This dish serves as the ultimate comfort food, providing warmth and nutrition in a single pot. In this comprehensive guide, we explore the nuances of building a deep flavor base, mastering the creamy consistency, and ensuring your leftovers taste even better than the main event.

Why This Turkey Noodle Soup Stands Out

Most traditional turkey soups rely solely on a thin broth. While delicious, they often lack the heartiness required for a cold winter evening. This recipe uses a strategic combination of aromatic vegetables, fresh herbs, and a gentle thickening process. By using a shallot instead of a standard yellow onion, we introduce a subtle sweetness and complexity.

The addition of fresh thyme bundles and bay leaves ensures the liquid base carries an earthy aroma that complements the roasted notes of the turkey meat. Furthermore, the finishing touches of lemon juice and Parmesan cheese provide the necessary acidity and umami to balance the rich, creamy base.

A Healthy and Hearty Nutrient Profile

Beyond its incredible taste, this soup packs a significant nutritional punch. Turkey is an excellent source of lean protein, which supports muscle repair and satiety. The carrots and celery provide essential vitamins like Vitamin A and Vitamin K, along with dietary fiber.
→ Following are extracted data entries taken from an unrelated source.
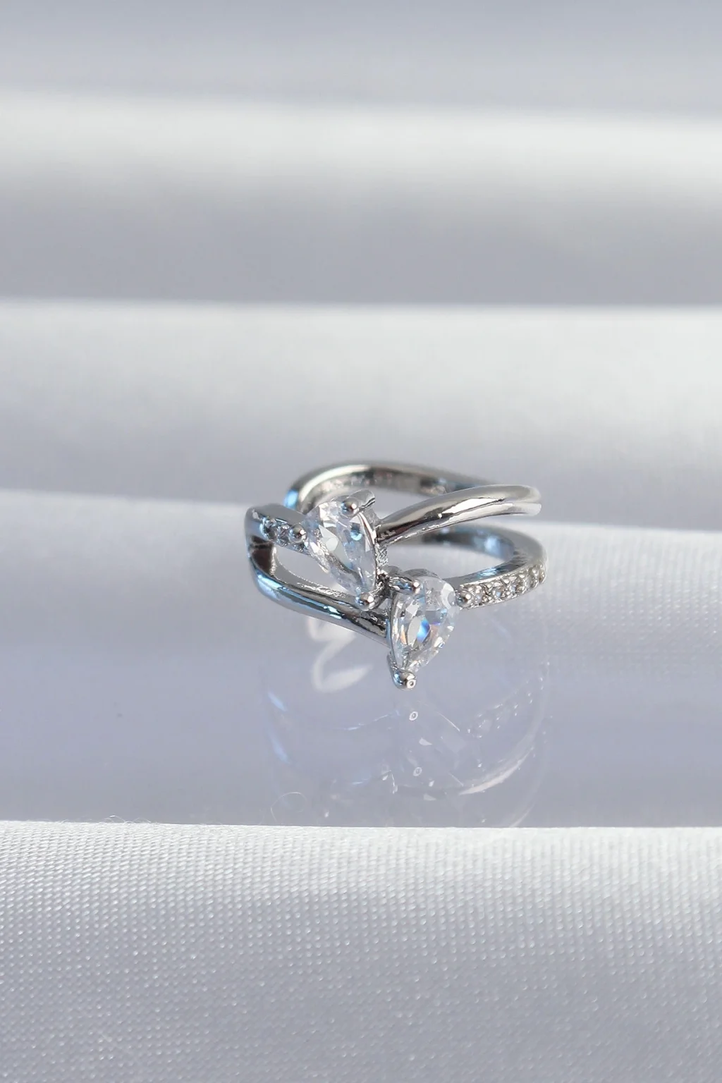 Pirinç Gümüş Renk Zirkon Taşlı Damla Earcuff Küpe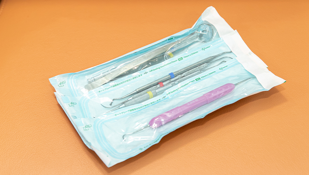 歯科治療で使用する基本的な器具一式です。個包装にしてから滅菌処理を行っているため、清潔な状態を保ったまま持ち運べます。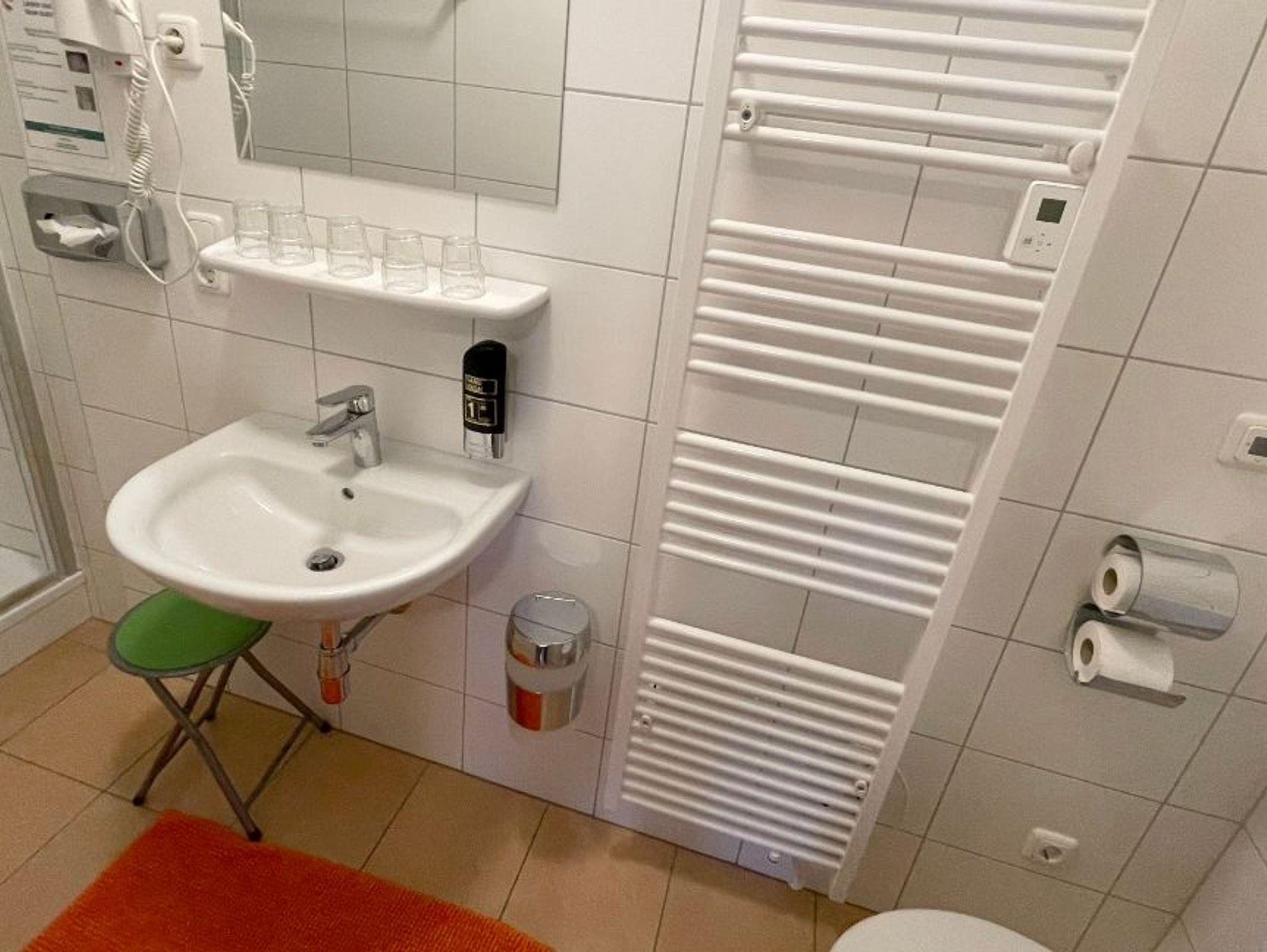 Das Zimmer besitzt 2 Schlafräume: Ein Raum mit Doppelbett, Kühlschrank, Sitzecke und der zweite Raum mit Einzelbett, Stockbett, Schrank. Das Badezimmer ist durch das zweite Zimmer erreichbar, dieses ist mit Dusche, Waschbecken, WC, Föhn und Badeartikel ausgestattet. Das Zimmer liegt auf der Ost/Südseite.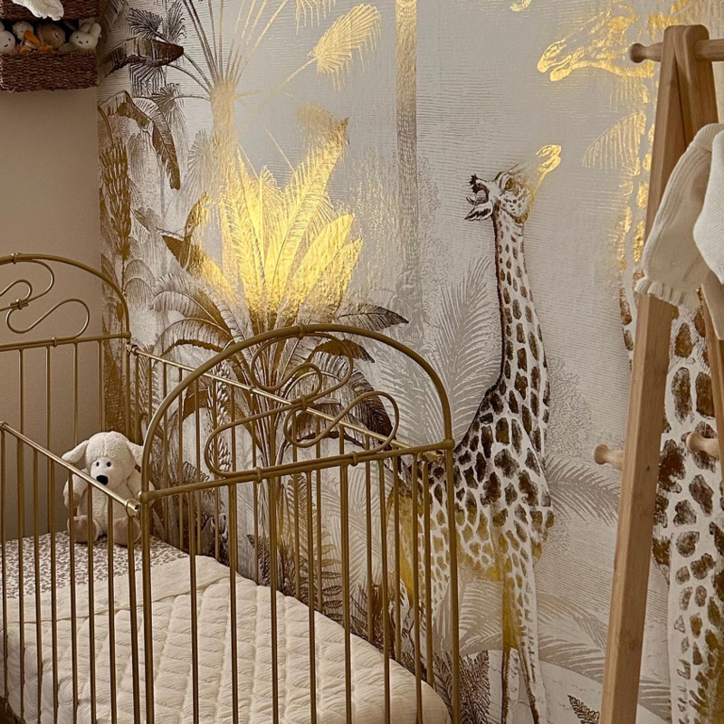 Give your nursery a stylish and luxurious look with our exclusive Giraffe & Swinging Monkeys wallpaper, fully crafted in gold foil! This is not a metallic gold effect but a beautifully reflective golden print that creates an elegant and warm result.

By choosing 1% milk and controlled amounts of butter, we keep the calorie count manageable while achieving a luxurious mouthfeel. Below is a detailed breakdown of the nutritional components per serving:

NutrientAmount
Calories403 kcal
Total Fat12 g
Carbohydrates43 g
Protein30 g
Fiber3 g
Sugar11 g

The Secret Ingredients for Success

The magic of this soup lies in the quality of its components. Using a high-quality turkey or chicken stock is non-negotiable. If you have the time, making your own stock from the roasted turkey carcass adds a gelatinous depth that store-bought versions cannot match. However, a premium low-sodium chicken stock works perfectly as a shortcut. The wide egg noodles are another critical element; they hold up better in a creamy sauce than thin pasta varieties, providing a satisfying chew.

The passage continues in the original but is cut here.